Der EuGH geht vielmehr davon aus, dass das gerichtliche Überprüfungsverfahren – und nur um dieses geht es in dem Urteil – als ein eigenständiger, vom behördlichen Verfahren unabhängiger Prozess zu begreifen ist. Daraus folgt, dass die Gründe, auf die ein Beschwerdeführer einen gerichtlichen Rechtsbehelf stützen kann, nicht beschränkt werden dürfen. Dies bedeutet aber keineswegs den Wegfall der Präklusion, begrifflich notwendigerweise mit dem behördlichen Verfahren verbunden, sondern ihrer Rechtswirkungen für die Beschwerde an die Verwaltungsgerichte. Diese sind – und das ist tatsächlich neu – nicht mehr an eine eingetretene (Teil-)Präklusion von Parteien gebunden.

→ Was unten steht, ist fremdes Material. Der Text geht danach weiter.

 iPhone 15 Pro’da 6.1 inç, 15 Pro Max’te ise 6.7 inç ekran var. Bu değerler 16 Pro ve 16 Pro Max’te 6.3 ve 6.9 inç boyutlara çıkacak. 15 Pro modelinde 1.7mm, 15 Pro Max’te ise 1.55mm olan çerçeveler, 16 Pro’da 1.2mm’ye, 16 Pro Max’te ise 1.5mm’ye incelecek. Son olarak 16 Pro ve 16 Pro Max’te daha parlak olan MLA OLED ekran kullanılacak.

Die betroffene Öffentlichkeit (im Wesentlichen also die Nachbarn und die Umweltorganisationen, nicht hingegen Umweltanwälte und Bürgerinitiativen) ist nach dem Urteil des EuGH ab sofort – eine Übergangsfrist gibt es nicht – in Verfahren betreffend IPPC-Anlagen (alle wichtigen Industrieanlagen) und UVP-Verfahren (nur dafür ist das Urteil des EuGH einschlägig) unabhängig von ihrer Mitwirkung im Behördenverfahren legitimiert, eine Beschwerde im Rahmen der Reichweite der Parteistellung zu erheben. Dies setzt eine ausreichende Publizität der Bescheiderlassung voraus, die mit der Kundmachung im Internet gegeben ist.

Verwaltungsgerichte verlieren

Die Verlierer dieses EuGH-Urteils sind die Verwaltungsgerichte, die – wie schon bisher – nach dem Primat der Sachentscheidung regelmäßig in der Sache zu entscheiden haben werden. Eine Zurückverweisung mangels ausreichender Sachverhaltserhebung wird in den vom Urteil betroffenen Verfahren aufgrund der ohnehin bestehenden, geradezu enzyklopädischen Ermittlungspflichten der Behörde und der Mitwirkungspflichten der Antragsteller sowie der damit verbundenen behördlichen Feststellungen kaum je möglich sein.

Die Effizienz gerichtlicher Überprüfungsverfahren ist freilich auch dem EuGH ein Anliegen. „Missbräuchliches oder unredliches Vorbringen“ sei unzulässig, hier könne der Gesetzgeber spezifische Verfahrensvorschriften vorsehen. Gestützt auf diese Aussage werden Stimmen laut, wonach neue Bremsen auf gesetzlicher Ebene eingebaut werden müssten.

Vor einem Missbrauch des EuGH-Missbrauchsdiktums ist jedoch zu warnen. Erfahrungsgemäß lässt sich schikanöse Rechtsausübung kaum je nachweisen. Die auch aus der Sicht des Unionsrechts zulässige Beschränkung auf die Beschwerdegründe und das Instrument des Schlusses des Ermittlungsverfahrens müssen wohl ausreichen. Eine gesetzgeberische Reaktion auf das EuGH-Urteil stünde sehr wahrscheinlich im Verdacht neuerlicher Unionsrechtswidrigkeit.

Vor dem Hintergrund personell ausgedünnter Behörden und Sachverständigendienste sowie des Konstruktionsfehlers der Verwaltungsgerichte (inhaltliche Überprüfung ohne eigene Sachverständige) wirkt das Urteil verschärfend. Den Untergang der heimischen Vollzugskultur, den manche vielleicht sehen, bedeutet es aber nicht.


Dr. Christian Onz und Ing. Dr. Florian Berl sind Partner der Onz Onz Kraemmer Hüttler Rechtsanwälte GmbH.